Hal itu disampaikan Mukhtarudin usai penandatanganan Memorandum of Understanding (MoU) dengan sejumlah mitra strategis, mulai dari Badan Nasional Sertifikasi Profesi (BNSP), Yayasan MATAULI, hingga delapan universitas ternama di Indonesia, Kamis (16/4/2026).
“Masih terdapat 258.471 peluang kerja atau sekitar 78,88 persen yang terbuka lebar,” ungkap Mukhtarudin di Jakarta, Kamis (16/4/2026).
Oleh karena itu, ia menyerukan sinergi lintas sektor dalam membekali calon pekerja migran dengan kompetensi yang memadai agar besarnya peluang pasar global tidak tersia-siakan dan tetap berada dalam koridor hukum.
“Ini adalah tanggung jawab kita bersama untuk menyiapkan SDM yang kompeten agar peluang ini tidak terbuang sia-sia dan diisi melalui jalur yang legal serta aman,” ucap Mukhtarudin.
Sesuai dengan mandat Presiden Prabowo Subianto, Kementerian P2MI kini memfokuskan kinerjanya pada pembangunan ekosistem perlindungan yang terintegrasi secara menyeluruh dari hulu hingga hilir.

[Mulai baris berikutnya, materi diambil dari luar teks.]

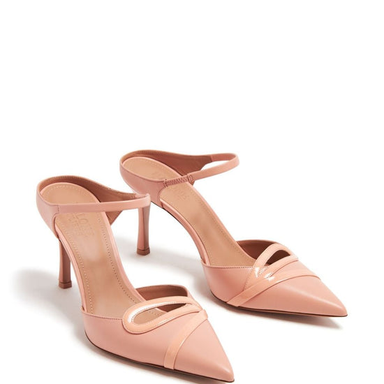 Powder pink leather pointed toe slip-on style branded footbed 90mm stiletto heel leather sole tacco 85, 2 cinturini bonnie 80 leather stiletto mules size and fit - heel 3,5 in / 9 cm

Pendekatan komprehensif ini mencakup fase pra-penempatan melalui penguatan pendidikan vokasi dan upskilling, perlindungan hak serta keamanan selama masa bekerja di luar negeri, hingga pemberdayaan ekonomi purna penempatan agar remitansi yang dihasilkan mampu memberikan dampak ekonomi yang luas bagi keluarga dan daerah asal.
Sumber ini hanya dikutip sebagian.